Regular symptoms of depression include sadness, difficulty concentrating, trouble sleeping, loss of pleasure, and even thoughts of hurting oneself. Postpartum depression includes anxiety about being left alone with the newborn, anxiety about not being a good mom, thoughts the woman is going to drop the baby, thoughts about hurting the baby, irritability, and not being able to sleep when the baby sleeps.

6. Treatment for postpartum depression includes cognitive behavioural therapy and helping the mom find support and sleep.

Therapy sessions with a clinical psychologist are a key part of treatment to help women understand what they’re experiencing and that it’s not their fault.

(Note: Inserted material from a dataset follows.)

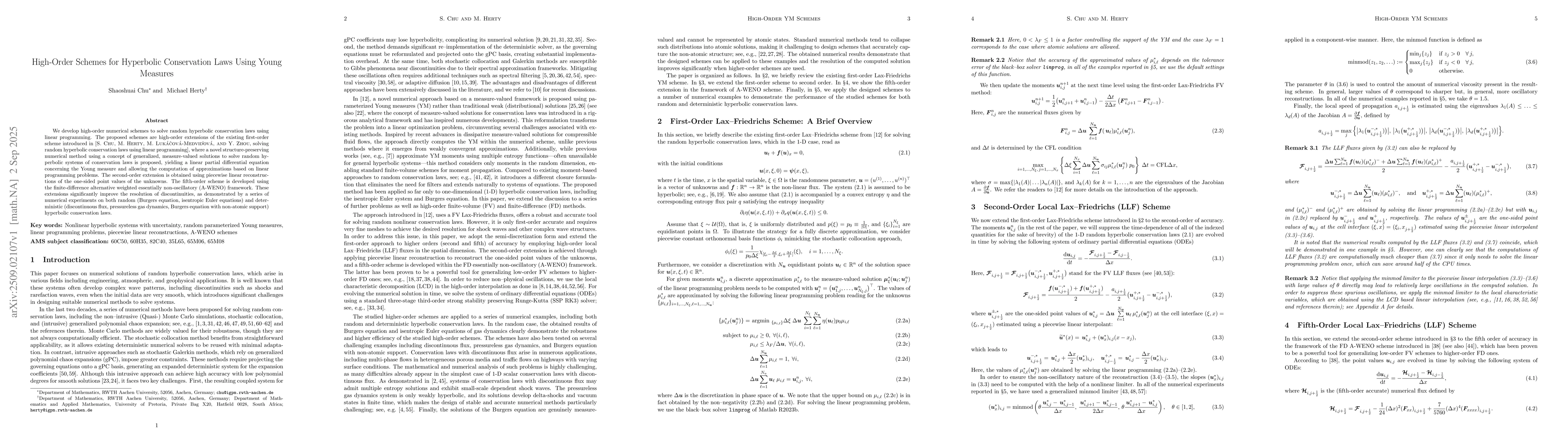 We develop high-order numerical schemes to solve random hyperbolic conservation laws using linear programming. The proposed schemes are high-order extensions of the existing first-order scheme introduced in [{\sc S. Chu, M. Herty, M. Luk\'a\v{c}ov\'a-Medvi{\softd}ov\'a, and Y. Zhou}, solving random hyperbolic conservation laws using linear programming], where a novel structure-preserving numerical method using a concept of generalized, measure-valued solutions to solve random hyperbolic systems of conservation laws is proposed, yielding a linear partial differential equation concerning the Young measure and allowing the computation of approximations based on linear programming problems. The second-order extension is obtained using piecewise linear reconstructions of the one-sided point values of the unknowns. The fifth-order scheme is developed using the finite-difference alternative weighted essentially non-oscillatory (A-WENO) framework. These extensions significantly improve the resolution of discontinuities, as demonstrated by a series of numerical experiments on both random (Burgers equation, isentropic Euler equations) and deterministic (discontinuous flux, pressureless gas dynamics, Burgers equation with non-atomic support) hyperbolic conservation laws.

The general principles of recovery include: finding ways to heal, building hope and inspiration, spirituality, and establishing one’s narrative by being more open with loved ones. Some women will need antidepressants or anti-anxiety medications to recover fully, but not all. In those cases, it may be necessary to stop breastfeeding.

7. Having postpartum depression does not make you a bad mother.

It can feel unbearable to have anything other than happy thoughts about your new baby, but postpartum depression is totally normal and it’s not a reflection of you or your abilities as a mom. If you seek treatment and enlist the help of those who love you, it will get better.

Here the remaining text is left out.